ABOUT THIS TASK
What should you transcribe? Every line from the top of the records below through the line with "QUETTA: Workers of", exactly, and no pictures.

Stored data
****************************************

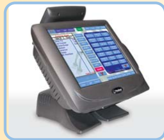
RADIANT P1500 SERIES POINT-OF-SALE
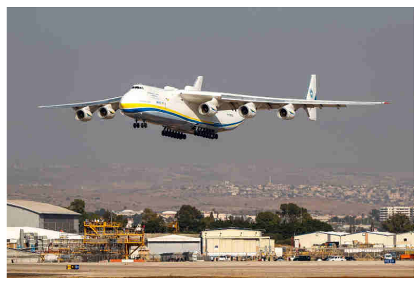
Ukrainian cargo plane Antonov-225

follow this link , it is here, vindt u deze hier
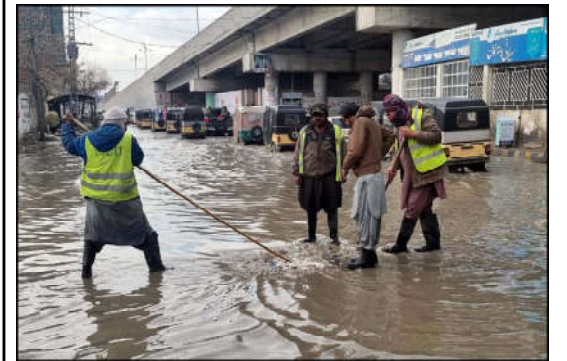
QUETTA: Workers of Quetta Metropolitan Corporation (QMC) are busy in cleaning and draining the stagnant rainwater after heavy downpour of winter season.

ISLAMABAD (APP): To measure the performance and quality of Cellular Mobile Operators' (CMOs) services being provided to customers, the Pakistan Telecommunication Authority (PTA) carried out an Independent Quality of Service (QoS) Survey in 17 cities of Khyber Pakhtunkhwa, Punjab, Sindh, Balochistan and three cities of Azad Jammu & Kashmir (AJK). Survey routes were selected to cover main roads, service roads, and key sectors/colonies, totalling 14,000 kilometres in 79 days to cover the maximum area said a news release. Mobile handsets, set to technology auto-detect and 3G locked modes, were employed for Voice Calls, SMS, and Mobile Broadband/Data sessions, especially in AJ&K cities. The survey included 0.25 million tests for Data, 45,000 for Voice & SMS, and 0.13 million tests in Okla, utilizing automated QoS Monitoring & Benchmarking Tools to ascertain compliance with Next Generation Mobile Service (NGMS) licenses as well as Cellular Mobile Network Quality of Service (QoS) Regulations 2021.

****************************************

RESULT
RADIANT P1500 SERIES POINT-OF-SALE
Ukrainian cargo plane Antonov-225

follow this link , it is here, vindt u deze hier
QUETTA: Workers of Quetta Metropolitan Corporation (QMC) are busy in cleaning and draining the stagnant rainwater after heavy downpour of winter season.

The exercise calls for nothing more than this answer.